He was born in Esher, Surrey into a family of chemical manufacturers and educated in Broadstairs, Kent and at Oundle. He gained a 1st Class Honours Degree at Oxford in 1943 under eminent physicist Sir Harold Warris Thompson and continued the pursuit of postgraduate research with Thompson until 1949. He worked in a number of areas including Radar and fuel analysis during the war.

He spent a year in 1946-47 at the Bell Telephone Research Laboratories at Murray Hill, New Jersey, working with five Nobel Laureates. In nine months Whiffen developed a sensitive experimental cell usable over a wide range of temperature.

On his return to England he accepted a post as lecturer in the Chemistry Department at Birmingham University from 1949 to 1959. Most of his papers at that time pushed the boundaries on infra red absorption frequencies of materials.

He then became head of the Molecular Science Division at the National Physics Laboratory (NPL) from 1959 to 1968, leaving to be successively Head of Physical Chemistry, Professor of Physics, Dean of Science and Pro-Vice-Chancellor at Newcastle University between 1968 and 1983.

His primary area of expertise during those years was radiation and how it is absorbed by materials and what this tells us about the radiation and the materials themselves. Whiffen worked out the electron-spin resonance signal of a free radical in a crystal lattice. He was a spectroscopist, chemical physicist, specialist in wave superposition, the interaction between radiation and matter, and a pioneer in ESR (Electron Spin Resonance) and later NMR (Nuclear Magnetic Resonance). He was elected a Fellow of the Royal Society in 1966.

He retired in 1985 to Somerset where he died aged 80. He had married Jean Bell in Glasgow in 1949. Their four sons survived him.

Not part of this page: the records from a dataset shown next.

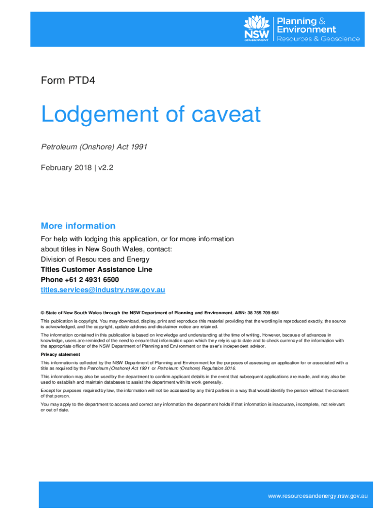 Form PTD4Lodgement of caveat Petroleum (Onshore) Act 1991 February 2018 | v2.2More information For help with lodging this application, or for more information about titles in New South Wales, contact: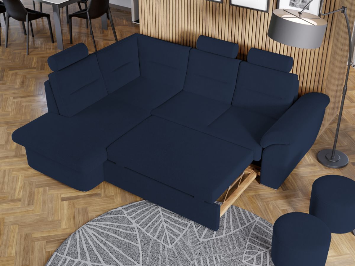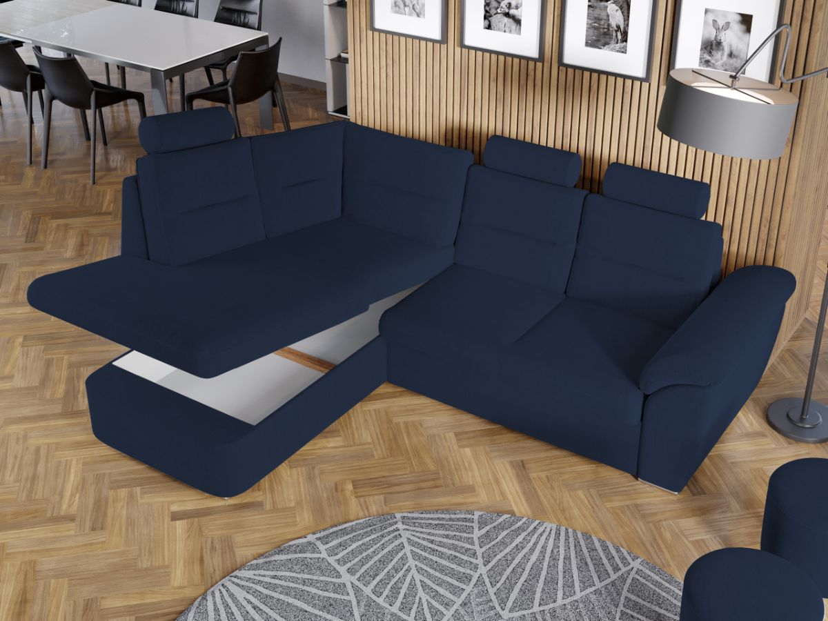 Coltar Biano Albastru Coltar Biano Albastru are un design modern , contemporan si un aspect impunator, caracterizat de forme rotunjite si simple. Imbina cu succes functionalitatea cu designul, transformandu-se rapid intr-un pat confortabil de 182 x 127 cm . Este prevazut cu lada pentru depozitare pozitionata sub sezlong, care poate fi accesata prin ridicarea partii superioare a acestuia. Poti avea parte de relaxare completa si un confort sporit, gratie tetierelor reglabile , spatarului si bratului care ofera sustinere corpului tau exact in pozitia dorita. Este potrivit pentru un living cu dimensiuni generoase, avand dimensiunea de: 245 cm lungime, 184 cm latime, 106 cm inaltime totala . Este tapitat cu stofa de calitate pe diverse culori. Atentie: Pretul afisat nu include alte accesorii sau obiecte de decor. Taburetele, pernele deco si draperiile se pot achizitiona optional. Livrare gratuita si rapida, 4-10 zile lucratoare prin flota proprie Suntem producatori de tapiterii, fara intermediari Toate piesele de tapiterii au o garantie de 2 ani Sezutul si extensia coltarului sunt din poliuretan High Resilience . Scheletul este rezistent, realizat pe structura solida de fag si pal. Extensia de tip sertar este pozitionata sub sezutul coltarului. Se deschide ca un sertar, apoi se ridica salteaua din interiorul acestuia. Coltar Biano Albastru se incadreaza cu usurinta in majoritatea locuintelor indiferent de stilul acestora. Puteti alege din mai multe culori pentru stofa. Produsele disponibile le puteti vedea aici Modele Biano . Dimensiuni Coltar Biano Lungime: 245 cm Latime: 184 cm Lungime intre brate: 182 cm Inaltime sezut: 43 cm Inaltime : 106 cm Adancime sezut: 60 cm Adancime selon 152 cm Latime sezlon 98 cm Dimensiuni extinsa Lungime extinsa: 182 cm Adancime extinsa: 127 cm Tapiterie Coltar Biano Albastru Tapiteria produsului este din stofa Albastra. Nuanta acestui produs nu este pretentioasa, mascheaza eventualele evenimente neplacute prin care se poate murdari sau pata si se integreaza perfect in majoritatea locuintelor. Intretinere: se recomanda ca praful sa se stearga cu un material textil moale (finet) umed si sa nu se curete cu agenti chimici (diluant, acetona). Imaginile sunt cu titlu de prezentare si pot avea mici diferente de nuante in functie de display. Dimensiunile sunt exprimate în centimetri si pot oscila între ± 50 mm.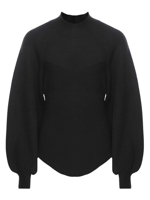 The Black Knit Bodysuit by Farm Rio is a versatile style that slips seamlessly into a capsule wardrobe. This chunky knit bodysuit showcases an elegant high neckline with dramatic balloon sleeves and an open back with twist detail. These sophisticated details combined with a cosy and comfortable fit make this Farm Rio bodysuit a wardrobe staple, taking you effortlessly from day to night.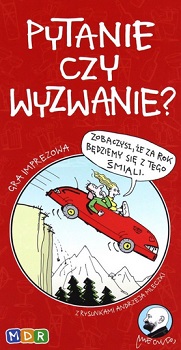 Pytanie czy wyzwanie? [Gra planszowa]./ [koncepcja gry: D&M Rapa] ; ilustracje Andrzej Mleczko. - [Warszawa] : MDR, copyright 2022. - 1 pudełko : karton, plastik, kolor ; 14x26x6 cm.
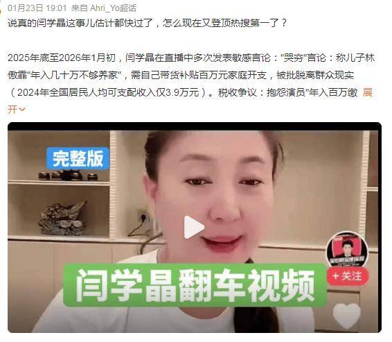 毕竟对于年收入才几万的普通牛马,闫学晶的傲慢显露无遗,其言论也被外界挂上“哭穷式炫富”的标签。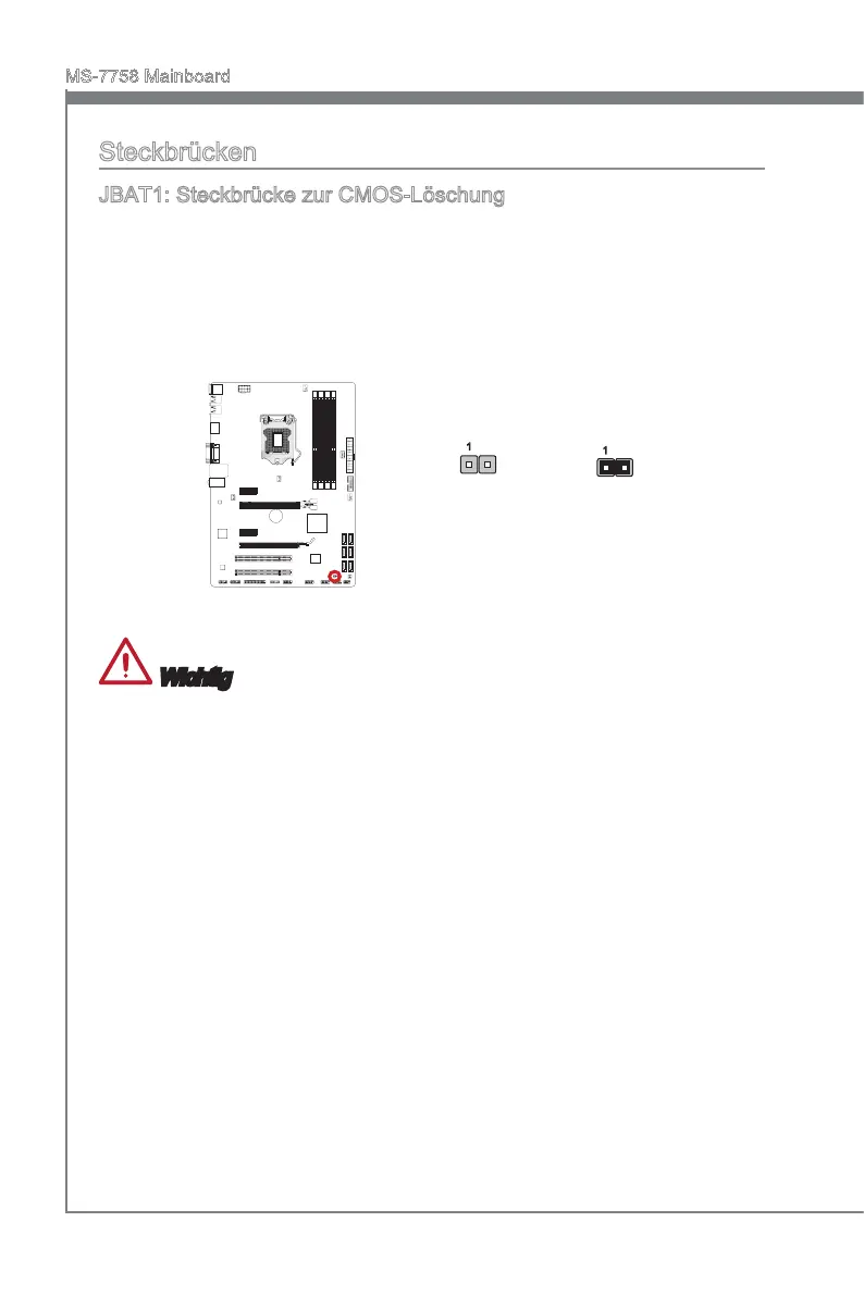 m CMOS zu löschen. Danach entfernen Se de Steckbrücke. Versuchen Se nemals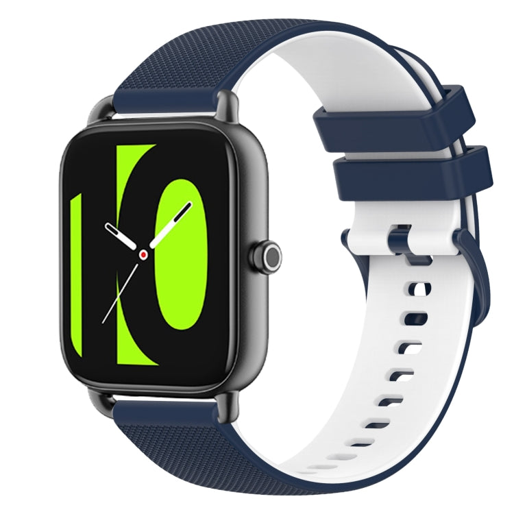 Banda de Reloj de Silicona 22mm para Xiaomi Haylou Rs4 Ls12 Dos Colores a Cuadros (Azul Oscuro + Blanco)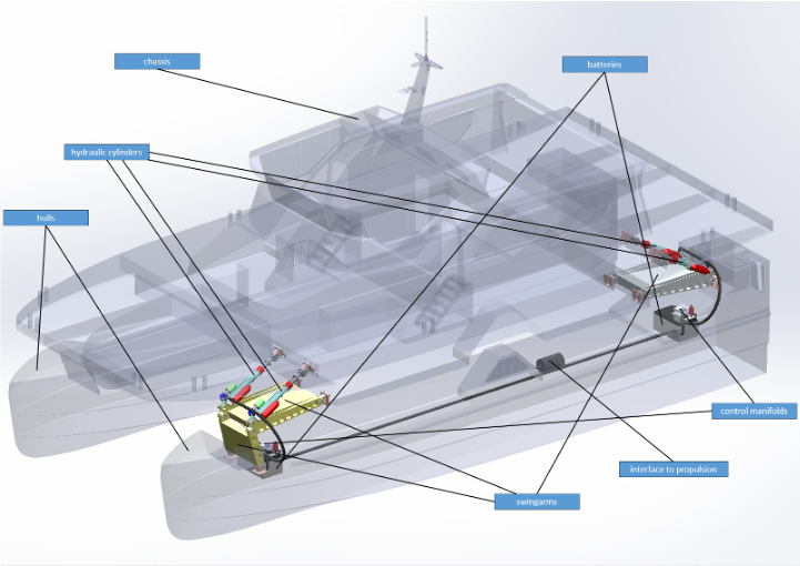 Support hydraulics and motor controllers are mounted directly to the cylinders for high-response control with hydraulic and electrical lines connecting to batteries and manifolds housed in the hulls.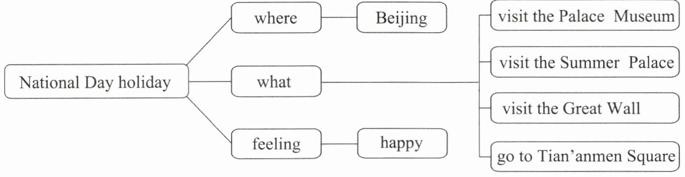根据思维导图写一篇国庆节出游的日记。要求:语句通顺,思路清晰,不少于6句话。

Spin paired molecules. In EPR spectroscopy of organic radicals the effect explains the way hyperconjugative proton coupling in a cyclic radical can be enhanced or forbidden according to the symmetry of the orbital with which it hyperconjugates, opening the way to other work in the field.^[4]

He was known as a very practical man, but with deep intellect and understanding. He constructed a 9 GHz Spectrometer at the NPL and turned it into one of the world's top ESR and NMR Laboratories, testing theories and models. He was the first to successfully test the predictions of the underlying theory of Peter Debye, the Dutch-American theoretical physicist who received the Nobel Prize for Chemistry in 1936 for his work on molecular structure, the theory of dipole moments in liquids and the diffraction of X-rays and electrons in gases. He was not known as self promotional, and when on arrival at Newcastle Chemistry Professor Clemo suggested people were saying he 'shouldn't have come' he merely raised his eyebrows and nodded slightly in apparent agreement. He was seen as exceptionally effective and a memorial lecture is held in his name.